Ben Sadeghipour: I mean, realistically that's probably the solution, but also not realistic because...
Julian Wood: You need to live online.
Recommended talk: A Practical Guide to Cyber Crime • Richard Clayton • GOTO 2017
Password Management: Tips for Creating Unique and Strong Passwords
Ben Sadeghipour: We all live online in today's age. I think it just comes down to, do you really need this website? Do you have to give them your information? If you're shopping online, obviously you have to give 'em your address because then how are they gonna deliver something to you. You don't have to always give them your real address. In a lot of cases, I just go, "123, Test Street." They don't need to have my address if they ask for it, you're not gonna send me anything. You're not sending me a mail. We don't need to talk. So you don't have to give 'em information. That's a big one. But also I think the majority of people, that's the biggest issue is just the security hygiene. For a lot of, especially the older generation the internet's new to them, they're still not familiar with how to do it.

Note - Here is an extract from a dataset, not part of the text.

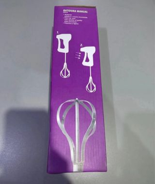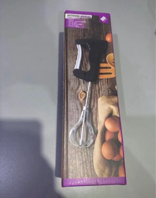 Batidora manual para uso en la cocina. Su diseño ergonómico facilita su manejo. - Mango de agarre cómodo. - Varillas de acero inoxidable.

It's just educating people, even at a young age when they get into computers, like how do we educate them so they protect themselves online? But also showing the older generation how to do these things as well. The biggest one is password management is a big one. I joke with my friends, and they're like, "Oh, don't look. I'm gonna type in my password." I'm like, "Let me guess. It's like your dog's name plus a number."
Julian Wood: "How did you know? How do you know?"
Ben Sadeghipour: And that's the reaction. It's like, "Oh my God, did you know my password?" And I'm like, "No, but thank you for that reaction because it shows me that you are just like everybody else, you're human. You're gonna put your wife's name and the year you guys met, that's the password for most people." Educating them, like, "Hey, make it something else. Make it a sentence. Instead of, 'I love my wife.' Make it, 'I love my wife because X, Y, and Z.'" So it's something a lot more random than just knowing their name and their, birth because that information is always online. And not using that data that could be scraped online about you in, security questions or passwords and that kind of thing.
Julian Wood: So how do people put enough variety in their passwords that ultimately want a unique password for every site? You know, I know, you know, plenty of people who would find that very difficult to do it. So is it a long password, using a sentence, how would you add some variety in to make it unique for sites? What sort of...
Ben Sadeghipour: I would choose a password manager. Password managers do that for you. All you have to do is remember one password. There's a company called 1Password. You sign up for them, they manage your passwords. People are like, "What if they get hacked?" It's a lot harder to hack it. It's a company that's invested in protecting your data than a lot of corporations use then, so hacking you is a lot easier. So use something like that. And then you have to remember that one password, you just have to remember. It's gotta be hard, it's something that you are always gonna remember. And they create passwords for you based on every site. And it's very easy to use on your laptop, on your computer. It's very easy to use on your phone.
It's like your regular phone. It has a Face ID for an iPhone. It asks you what app you want to use. You click on your password management and it logs you in automatically. There's two steps you have to take. But those two clicks protect you from getting your account hacked. So if the next big breach happens and your password was in that breach, and you use that password for your bank, for your social media, for your email, I have access to everything. All I have to know is what is your email address and what banks you bank with. And it's not hard to guess those banks, because let's be real, in every country there are five or six banks that are major. And it becomes easier. Two-factor authentication is a big one. People tell me like, "Don't say two-factor you should do multifactor." You know, like, "Don't do the SMS one, do apps."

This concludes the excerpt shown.